Overall trend of this pair fixes it bearish view for a target of 160.207 and may even tumble up to 156.480 in near terms.
We can ponder arresting this potential downside risks through Put Ratio back Spread in 2:1 proportion and is more effective hedging strategy than any other means when one could sense more bearish momentum.
Subsequently, cause of concern in framing position would be which strikes need to be chosen so as to accurately hedging these downside risks. It's best to plug a back spread into the analyzer before doing the trade to see how the spread reacts to changes in the underlying price, time, and volatility.
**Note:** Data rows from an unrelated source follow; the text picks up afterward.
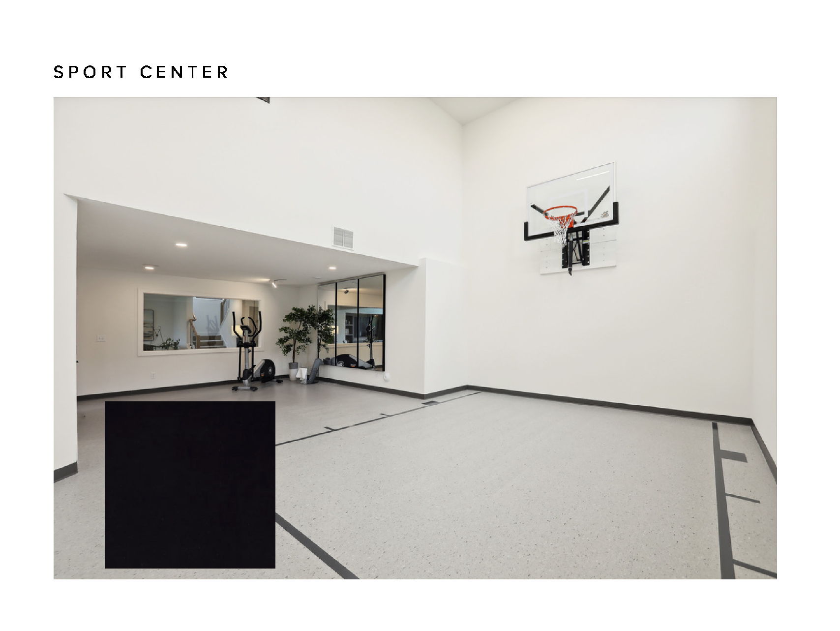 - Indoor 2-Story Sport Center open to a spacious exercise area, perfect for workouts and recreational activities, along with a convenient ball storage closet.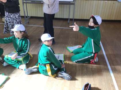 5.6年生は、体育の時間に体づくりの運動として「パルクール鬼ごっこ」をしました。障害物をうまく使い逃げたり、追いかけたりして、逃げる子のしっぽを取る鬼ごっこです。決められた時間内に逃げられてしまう子のしっぽをどうしたら取れるのかについてグループの友達のアドバイスを聞きました。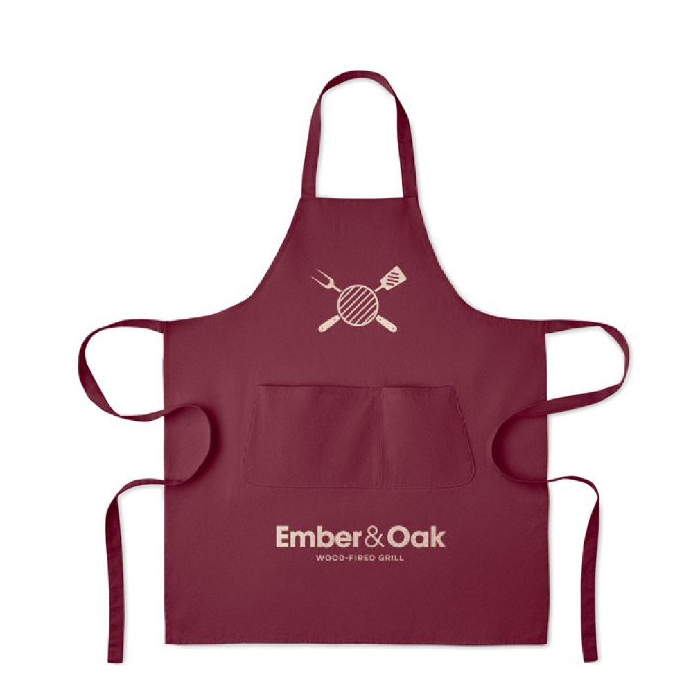 Кухонный фартук с большим передним карманом и двумя отделениями из органического хлопка плотностью 240 г/м². С регулируемым шейным ремешком.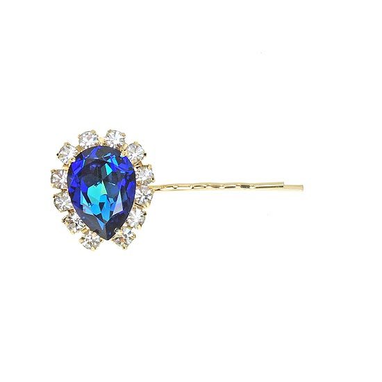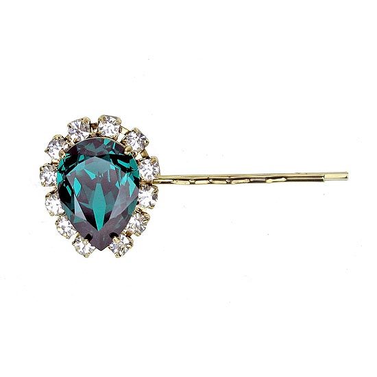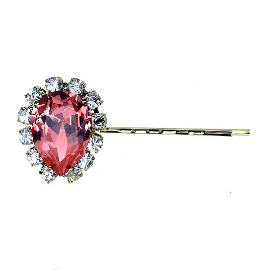 髮夾飾以水滴形水晶,晶瑩剔透的水晶隨光線反射出耀眼光芒,可隨個人喜好別戴,大方別緻的設計,佩戴上吸引眾人目光。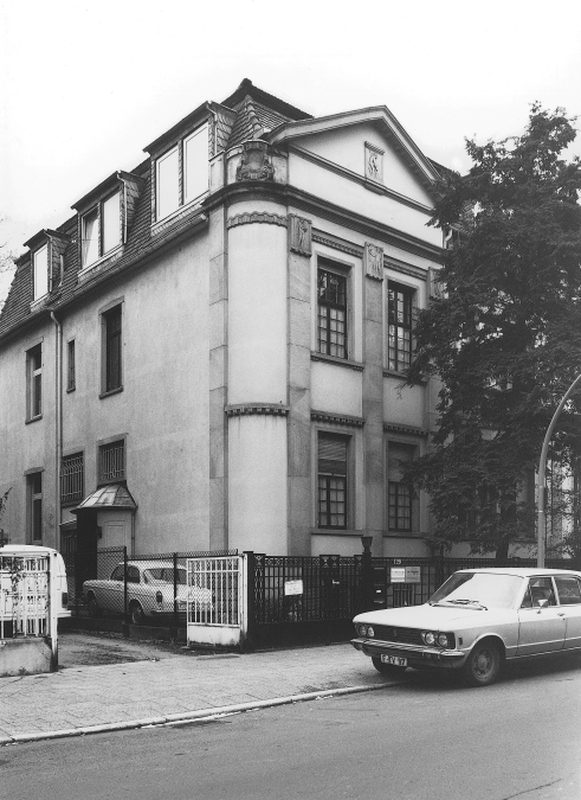Doppelmietshaus, 1910 errichtet von Johann Andreas Ravenstein mit reliefierten Schmuckelementen über Pilastergliederung und ursprünglicher Einfriedung.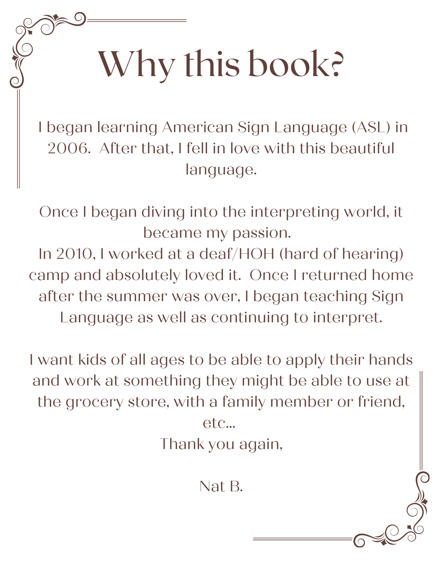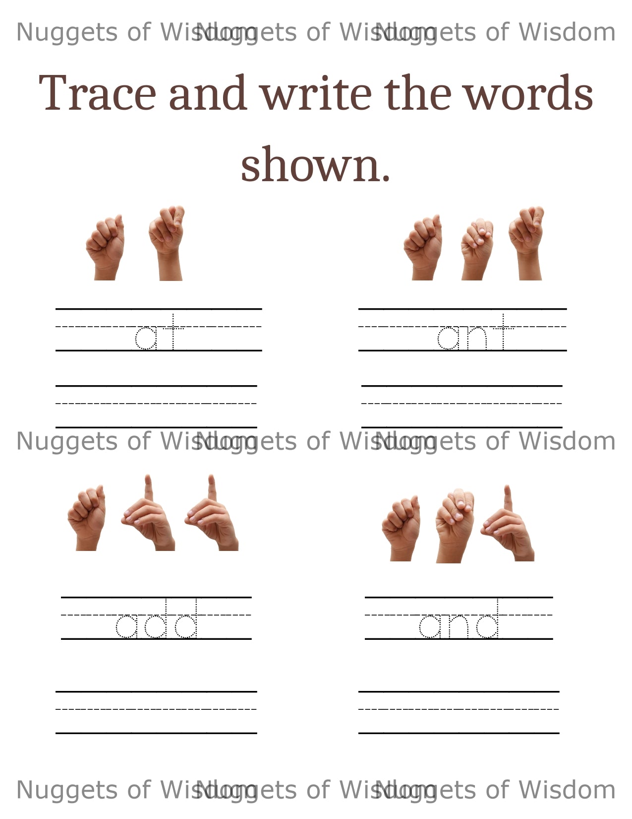 Each letter of the alphabet has 4 pages given to helping learn how to read, trace, write, and fingerspell words in our language.

Since the pair pops up bearish patterns and have more downside potential, a lot of (1.85% strikes at 160.207) OTM puts are justifiable . And preferred to deploy ATM instruments in the strategy for some considerable reasons,
because ATM instruments may be more expensive than OTM options, but cheaper than ITM options. They carry the highest gamma, vega, and theta which means their premium is the most sensitive to moves in either direction. Moreover, the delta of ATM options are 50%, which means there is an even likelihood of expiring ITM or OTM.
Some intermediate uptrend is seen so far, the bearish turn to resume here onwards, long put instruments to generate positive cash flows as a result.
So, stay firm with longs in at the money -0.51 delta put and out of the money -0.31 delta put that would function effectively. While simultaneously, short 1 lot of ITM put option would generate assured returns on any abrupt rallies, shortly longs on ATM puts are about to function that would take care of potential downswings.
Alternatively, if they wish to short OTM instruments, they sell puts that has delta of less than 0.15. Which means they sell deep out of the money options. The idea behind this trade is that the chance of this option to expire worthless is 85%. (1-0.15 = 0.85 or 85%).
The delta of a back spread or ratio spread is generally dominated by the option with the greater quantity the further it is from expiration. That makes sense, because the more days to expiration, the deltas of options are not as close to 0.0 or 1.00 as they are when there are fewer days to expiration.
Please be noted that the expiries used in the diagram are only for demonstration purpose, use shorter expiries on short side (preferably 4D or 1W maturities).